Beryl shook her head. “I'm not sure she'll ever really be the same, Mr. Cody. She's not as old as she looks but she's kind of frail. And now she seems, I don't know, nervous all the time and kind of distant. I'm getting worried about what happens if I get a job out of town. My parents don't see her all that often and my grandfather died when Dad was little.”
“She's such a sweet lady,” Lynda said.
Beryl took our orders - Caffeine-Free Diet Coke and a low-fat tuna salad sandwich for me, Mountain Dew and a bowl of chili for Lynda.
No French fries with the chili?
She hadn't been married to me half a year yet and Lynda was already becoming a health-food fanatic by her standards.
She watched as Beryl hustled away with the order. “She's a cute kid.”
“Oh, really? I hadn't noticed.”
“You're married, Jeff, not dead. You noticed.”
Okay, I noticed.
“Is there a point to this?”
“Just that I bet Thurston Calder noticed, too.”
Within a few minutes Beryl brought us our drinks. “Here you go!”
“Thanks, Beryl,” Lynda said. “I've been wondering something. We've learned that Thurston Calder was quite a ladies' man. Did you happen to see him talking to any young women that night at the gallery?”
“No, I don't think so. I really wasn't looking at him. We never met.”
“So he didn't, for instance, come on to you?”
“Of course not!” Beryl fled.
“What do you think?” I asked Lynda.
“I really don't know. Maybe she was just embarrassed at being asked the question. But I'm still wondering.”
That evening after work, I barely had time to drop my briefcase on the floor and start wondering when Lynda would be home when the doorbell rang. I was startled to see Lillian Peacock standing at the door. She was wearing a blue housedress, about the same cornflower shade as her eyes and Beryl's. It contrasted nicely with her pure white hair.
“May I come in, Mr. Cody? I'd like to talk with you about the murder.”
“You'd be most welcome, Mrs. Peacock, but I think it would be a better idea if we go next door and see Professor McCabe. Whatever you have to say, I'm sure he'd like to hear it.”
Her eyebrows knitted together. “You live next door to your brother-in-law?”
That's when I realized it was time for Lynda and me to move out of Mac's carriage house that had been my bachelor pad. We needed our own place. I would still pedal my bicycle to work, though; that was a non-negotiable.

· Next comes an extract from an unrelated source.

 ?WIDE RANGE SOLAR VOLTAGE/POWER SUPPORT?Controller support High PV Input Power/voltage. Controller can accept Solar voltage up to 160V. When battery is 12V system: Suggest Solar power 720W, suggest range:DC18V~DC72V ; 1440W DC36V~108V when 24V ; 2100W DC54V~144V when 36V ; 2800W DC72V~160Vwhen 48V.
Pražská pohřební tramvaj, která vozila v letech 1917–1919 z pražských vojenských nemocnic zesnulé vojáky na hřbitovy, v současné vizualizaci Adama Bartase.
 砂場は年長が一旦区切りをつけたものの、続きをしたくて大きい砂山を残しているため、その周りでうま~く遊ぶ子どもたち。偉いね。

“It's just temporary,” I said hastily. “Let's go see Mac.”
A few minutes later we were sitting by a fire in the McCabe study.
Lillian Peacock sat primly with her hands folded on her lap. “I came to see Mr. Cody because I'm concerned about my granddaughter. You were asking Beryl some questions about Thurston Calder. Surely you can't suspect her of some involvement in that awful murder?”

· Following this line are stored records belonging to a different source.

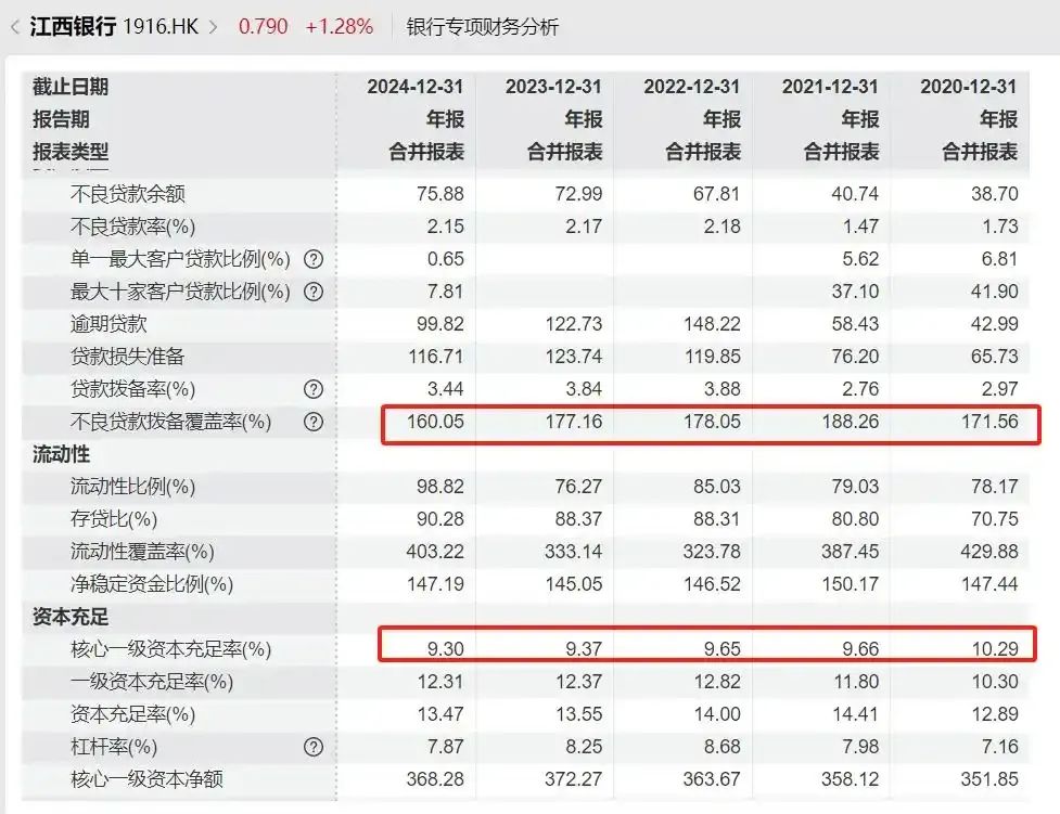 這也間接導致了一個現象:當前,中小銀行不良貸款率普遍較大型銀行高,可撥備覆蓋率遠遠要低,以江西銀行為例,2024年,江西銀行不良率2.15%,不良貸款餘額同比增加3.96%至75.88億元,其撥備覆蓋率已從2021年的188.26%下滑至160.05%。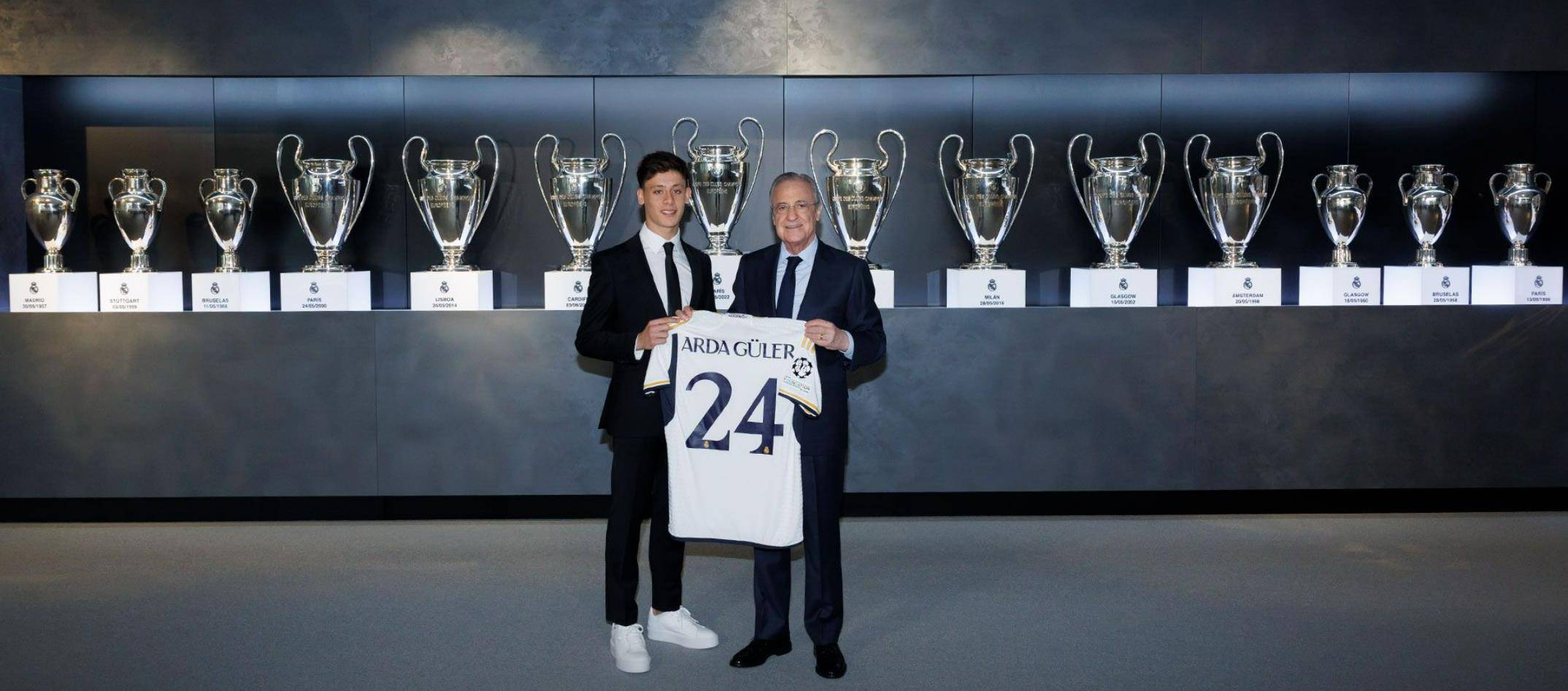 在皇马荣誉室中,阿尔达·居莱尔从主席弗洛伦蒂诺先生手中接过了属于他的24号球衣。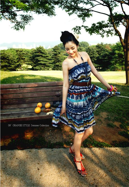 時尚評論:海島心情,濃郁的色彩映襯在抹胸的連衣裙想要不被人群淹沒都非常的難了!好似扎染一樣的圖案和色彩既有特色又具有異域色彩!白皙的皮膚和性感的鎖骨在陽光的映襯下,熱力十足!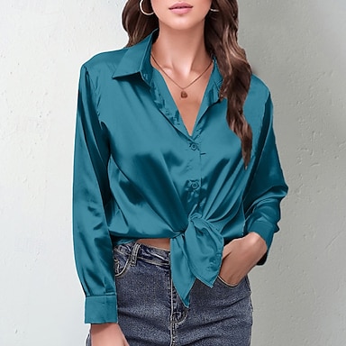 Mulheres Camisa Social Elegant Elegante Top de cetim Botões Tecido à moda Casual Manga Longa Colarinho de Camisa Tops regulares Diário Para Noite Preto Vermelho Azul Marinha Azul Real Bege Primavera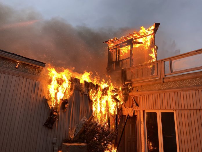 “The call came in at 3:30 p.m. with reports of a fire under the house. 55 firefighters were on scene battling high winds and snow. They worked to find the seat of the fire until they were forced to a defensive as the structure became fully involved.”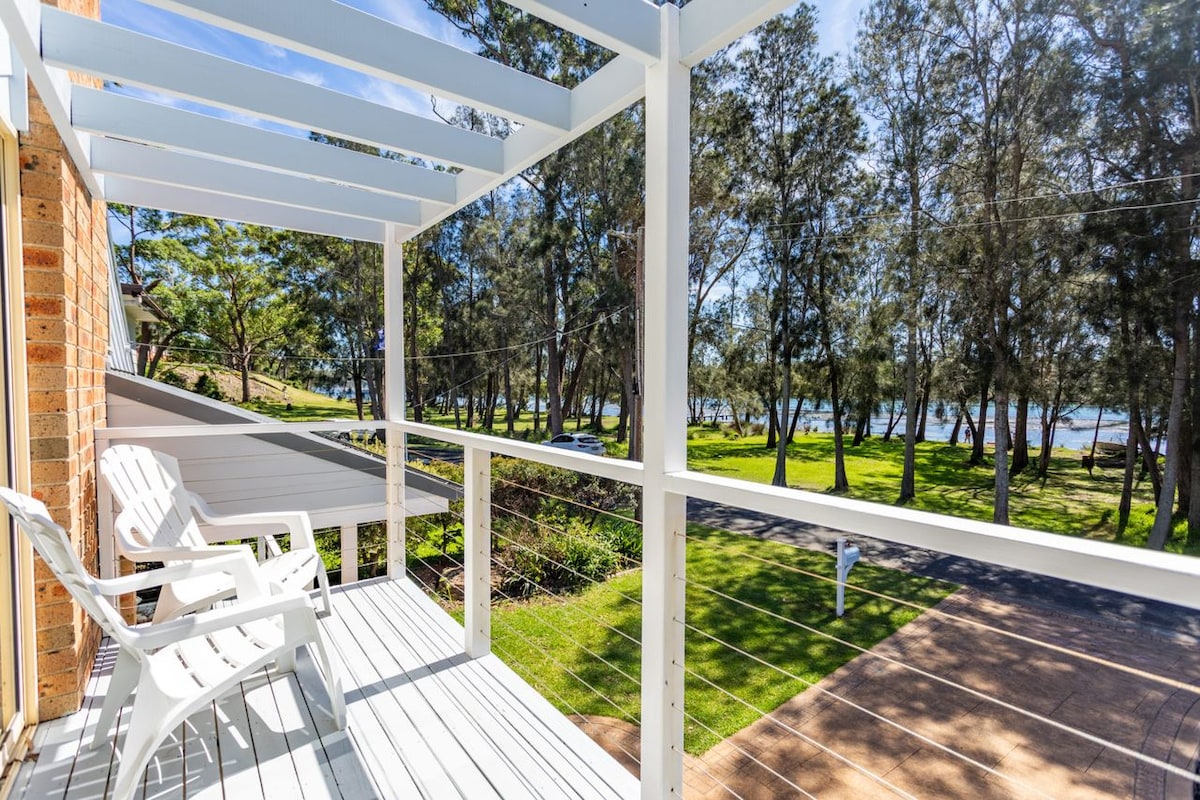 Dette sted ligger ved St Georges Basin og er perfekt til kajaksejlads, paddleboarding, sejlads og fiskeri. Nyd fred og naturskønne udsigter langs den træbeklædte Basin Walk. Denne dejlige bolig er stilfuld og kæledyrsvenlig og har et hovedhus samt en separat studiolejlighed med eget soveværelse og badeværelse, der tilbyder ekstra plads og privatliv. Med direkte adgang til vandet vil du blive forkælet med en betagende udsigt over spektakulære solopgange og solnedgange over bassinet.

She stared straight at me, blue eyes piercing. I wanted to fall through the floor.
Technically, Lynda was the one asking the questions. I just happened to be there.
Mac also looked at me, quizzically. I hadn't told him about our talk with Beryl because there wasn't much to tell.
“We've been asking a lot of people a lot of questions, Mrs. Peacock,” I said. “Mr. Calder had a reputation for pursuing young women. Lynda and I were trying to establish whether he brought that habit with him to Erin. If he did, that could be significant.”
“I see. So you suspect a crime of passion?”
“There certainly seems to have been some passion involved in the delivery of the blow,” Mac observed.
Lillian Peacock nodded. “I see that, but still...” Her eyes fell on the three Calder books that lay on the coffee table. “Mr. Calder wrote that book about art fraud. I read about that in
The Erin Observer
. Perhaps he became aware of something like that here in Erin.”
Miss Marple on the case!
A dark cloud passed over Mac's face as he recalled the fiasco in Adam Mendenhall's office. “I can assure you, Mrs. Peacock, that possibility has been explored to no avail.”